WORK ITEM: No picture belongs in the answer, which must hold exactly the lines from the one with "活动现场,前来检查的师生络绎" through the final line below.

─── SUPPLIED MATERIAL

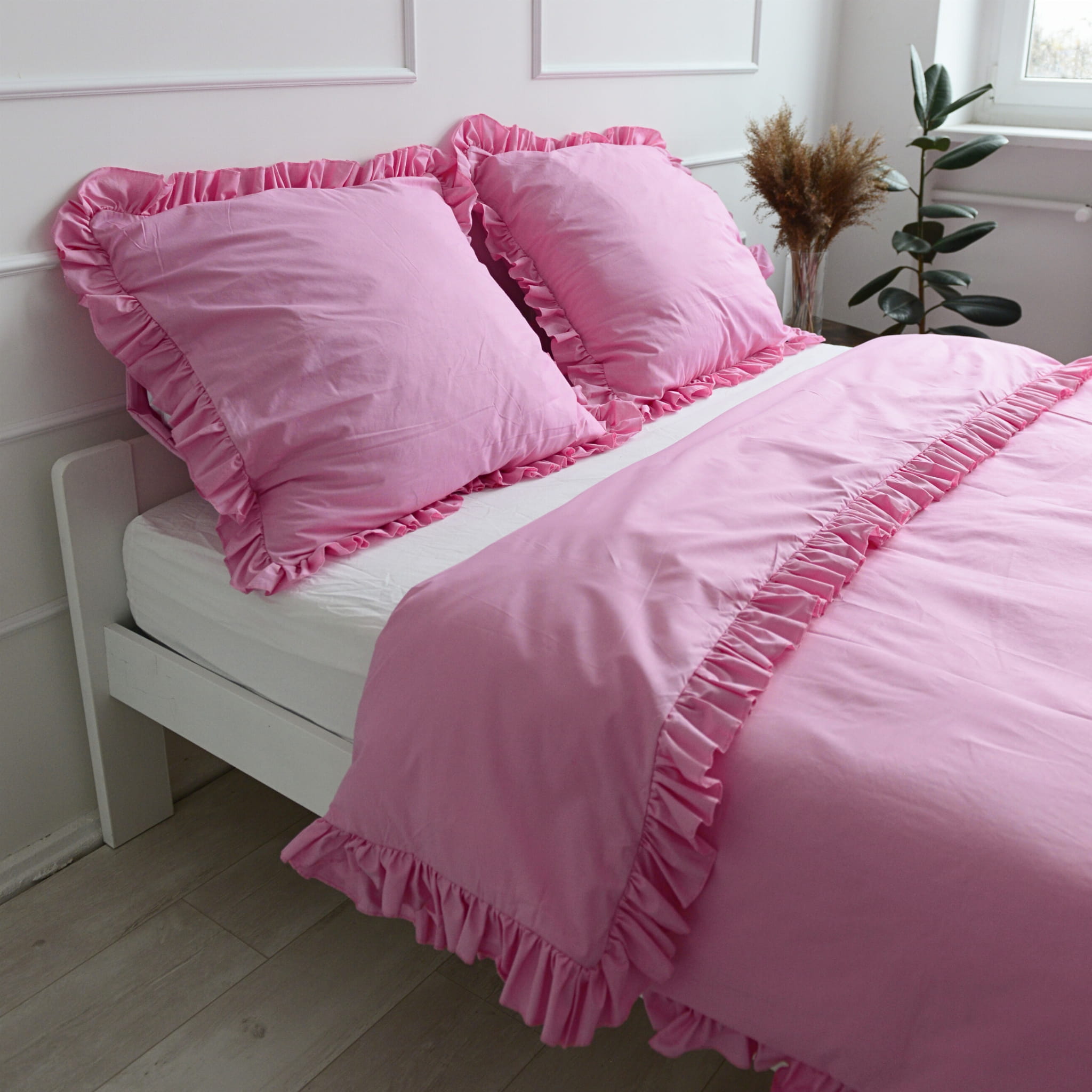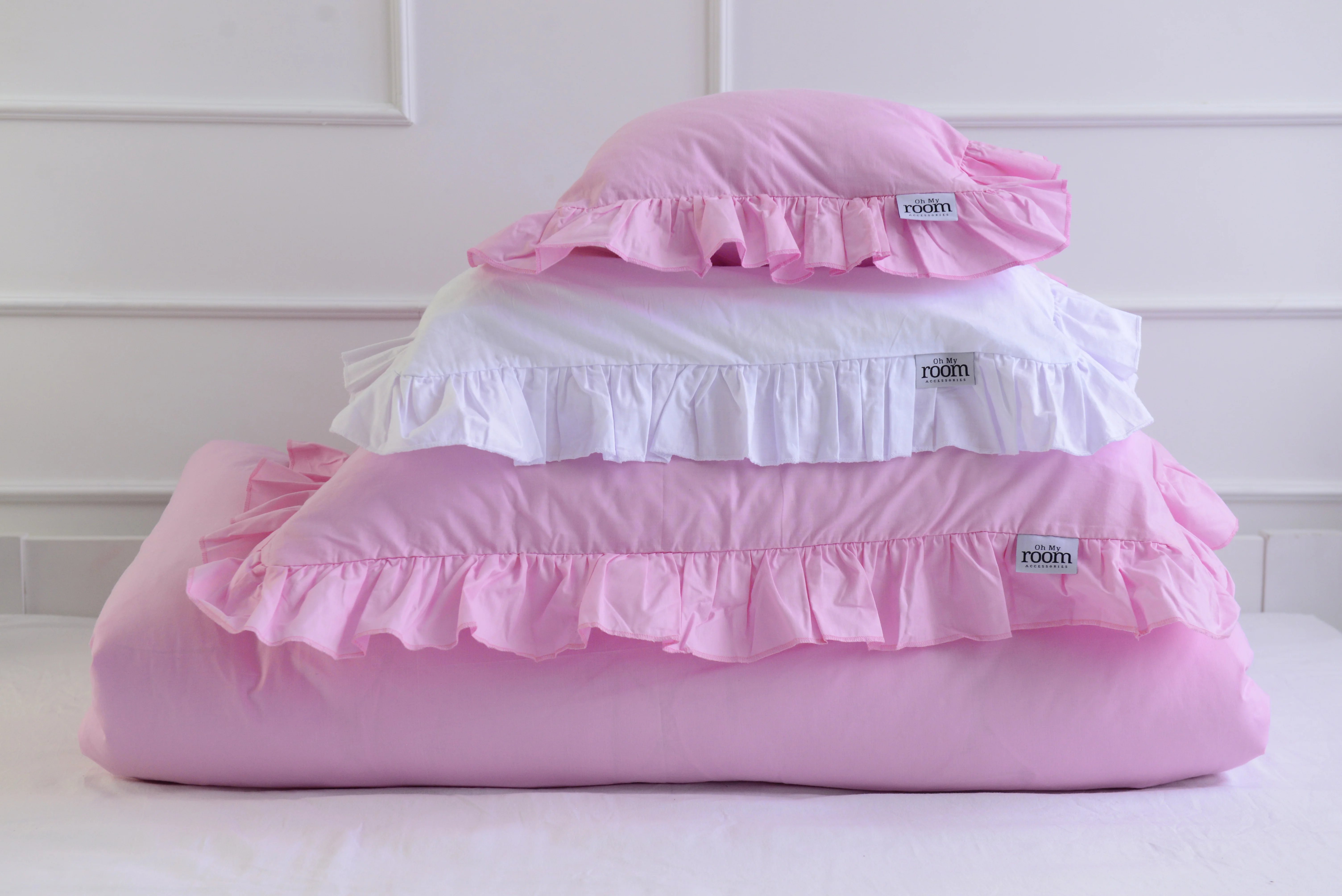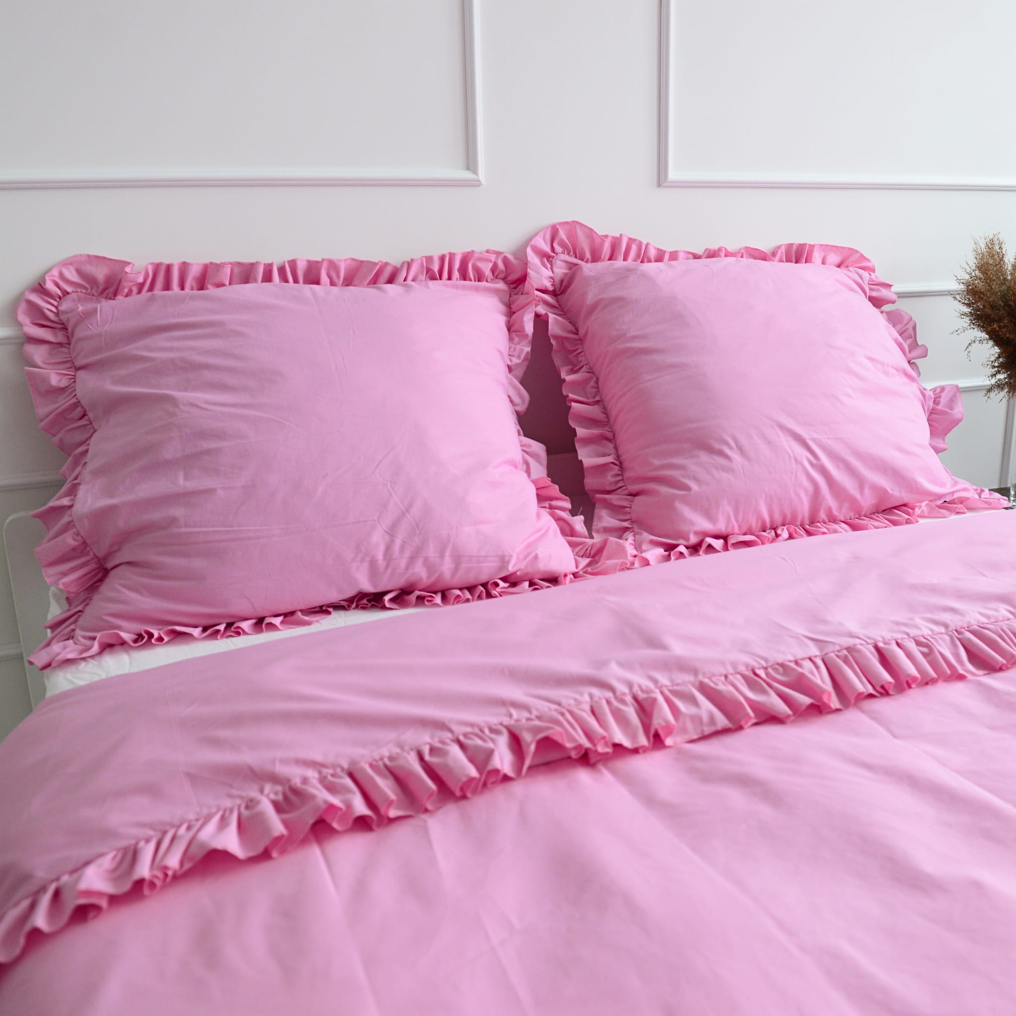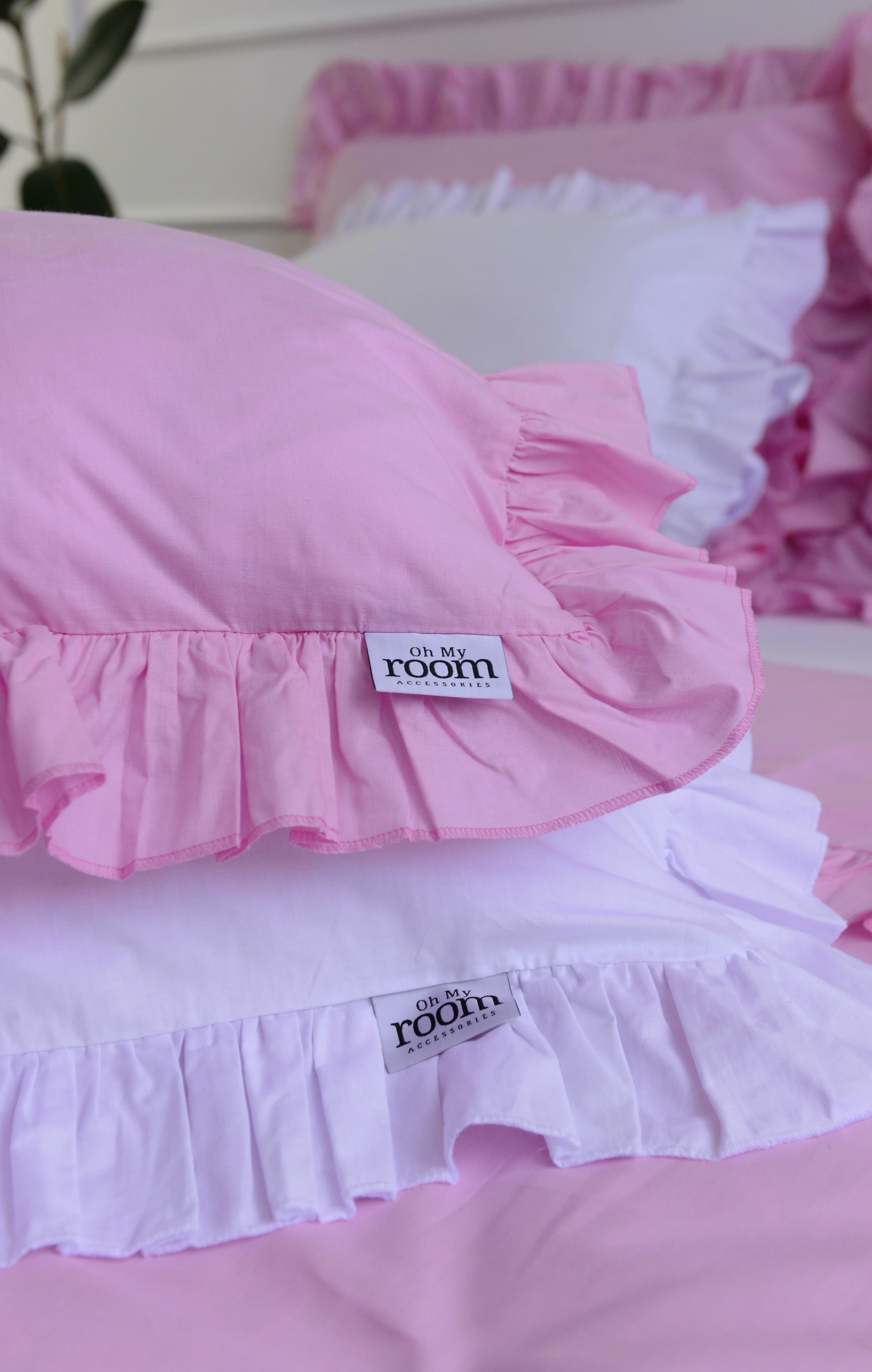 Cotton pillowcase with a frill made of the highest quality cotton material with the Oeko-Tex 1000 certificate.The pillowcase is closed with bow. In addition, it has a sewn-in strip, thanks to which it will be easy to hide the bedding and will not protrude during use.
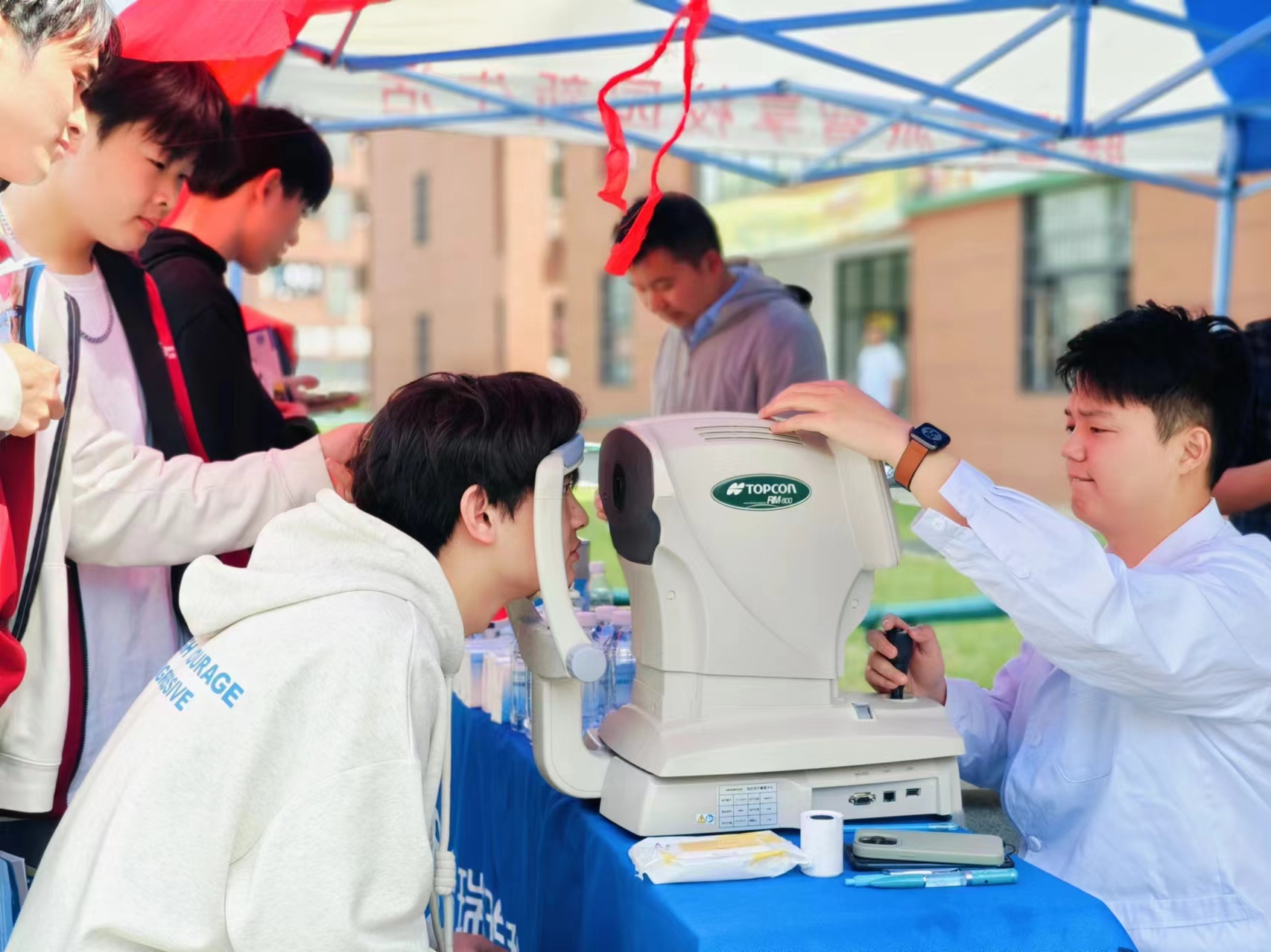 活动现场,前来检查的师生络绎不绝,志愿者引导师生有序候诊。医务人员为广大师生提供了电脑验光、眼底检查、眼镜度数检测以及眼镜清洗服务等测试项目,测量近视、散光、角膜曲率、瞳距等数据,在数据测量后分析个人视力状况,给予专业的护理建议和护眼知识,并提供下一步注意事项的科学建议,引导同学们关注眼睛健康,学会科学爱眼护眼。
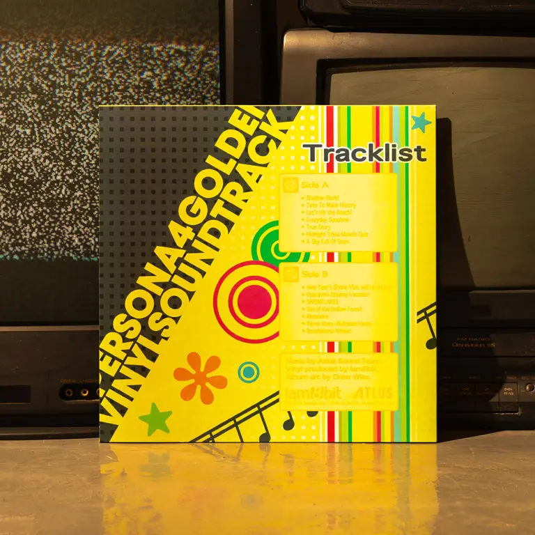 And what’s a Persona x iam8bit release without album art from our pal Drew Wise? This unique “Midnight Channel''-inspired die cut jacket lets you display the record in multiple ways, making it the perfect companion to our Persona 4 (4xLP). It’s time to make your record collection a little more golden.
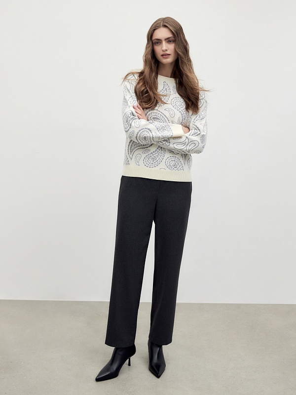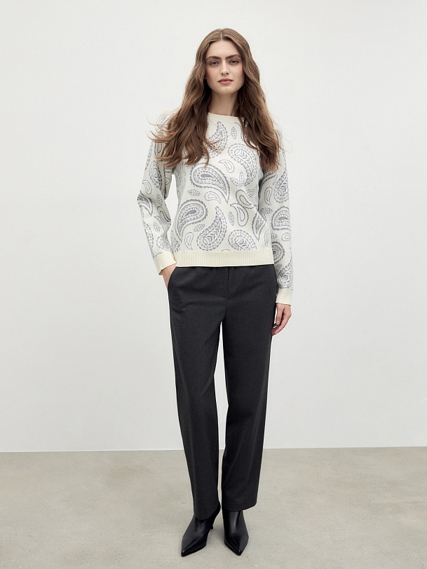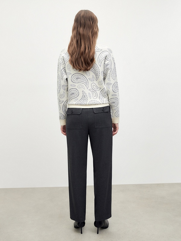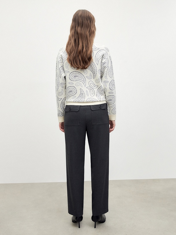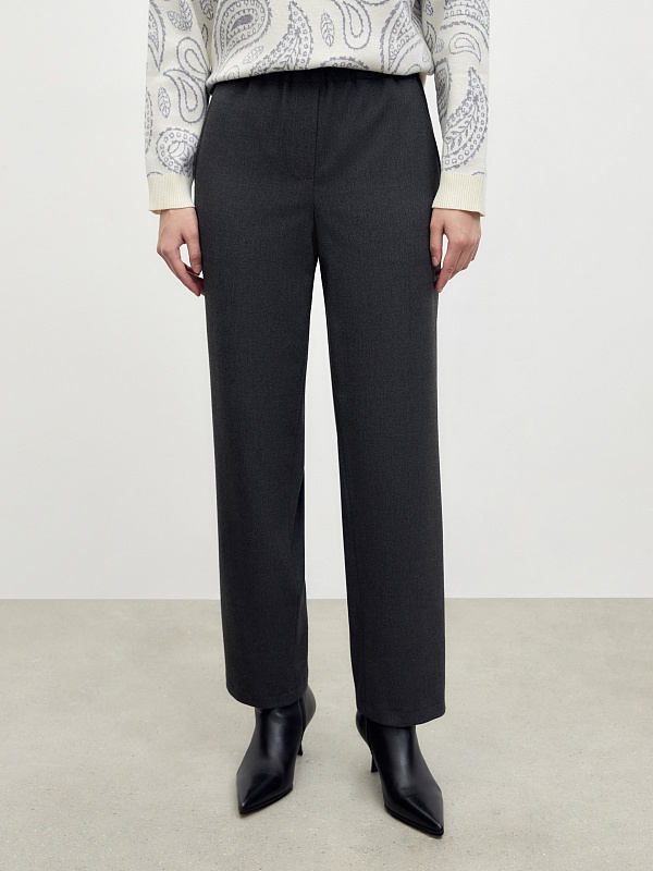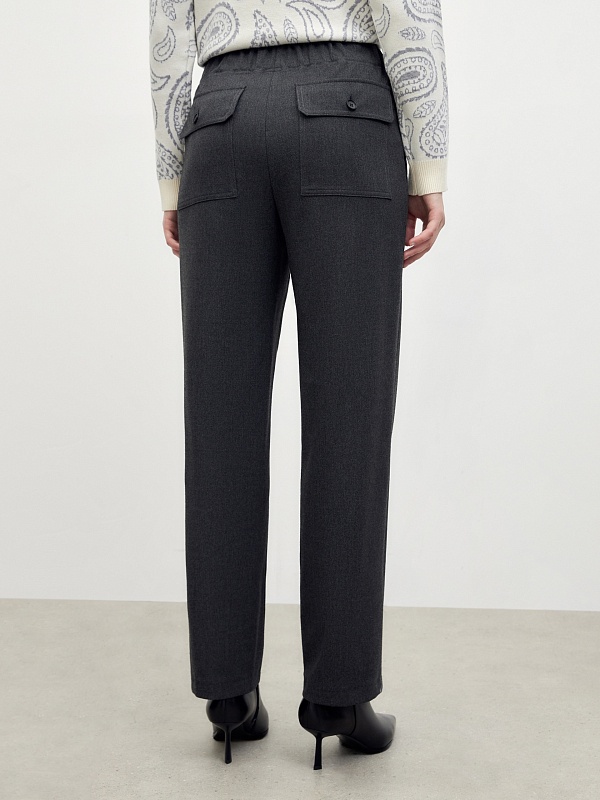 Свободные широкие брюки на резинке из мягкой вискозной ткани в благородном цвете графит. Брюки с имитацией гульфика, по бокам рабочие карманы. На задней половине брюк накладные карманы с клапаном на пуговице.

──────

YOUR RESPONSE:
 活动现场,前来检查的师生络绎不绝,志愿者引导师生有序候诊。医务人员为广大师生提供了电脑验光、眼底检查、眼镜度数检测以及眼镜清洗服务等测试项目,测量近视、散光、角膜曲率、瞳距等数据,在数据测量后分析个人视力状况,给予专业的护理建议和护眼知识,并提供下一步注意事项的科学建议,引导同学们关注眼睛健康,学会科学爱眼护眼。
 And what’s a Persona x iam8bit release without album art from our pal Drew Wise? This unique “Midnight Channel''-inspired die cut jacket lets you display the record in multiple ways, making it the perfect companion to our Persona 4 (4xLP). It’s time to make your record collection a little more golden.
 Свободные широкие брюки на резинке из мягкой вискозной ткани в благородном цвете графит. Брюки с имитацией гульфика, по бокам рабочие карманы. На задней половине брюк накладные карманы с клапаном на пуговице.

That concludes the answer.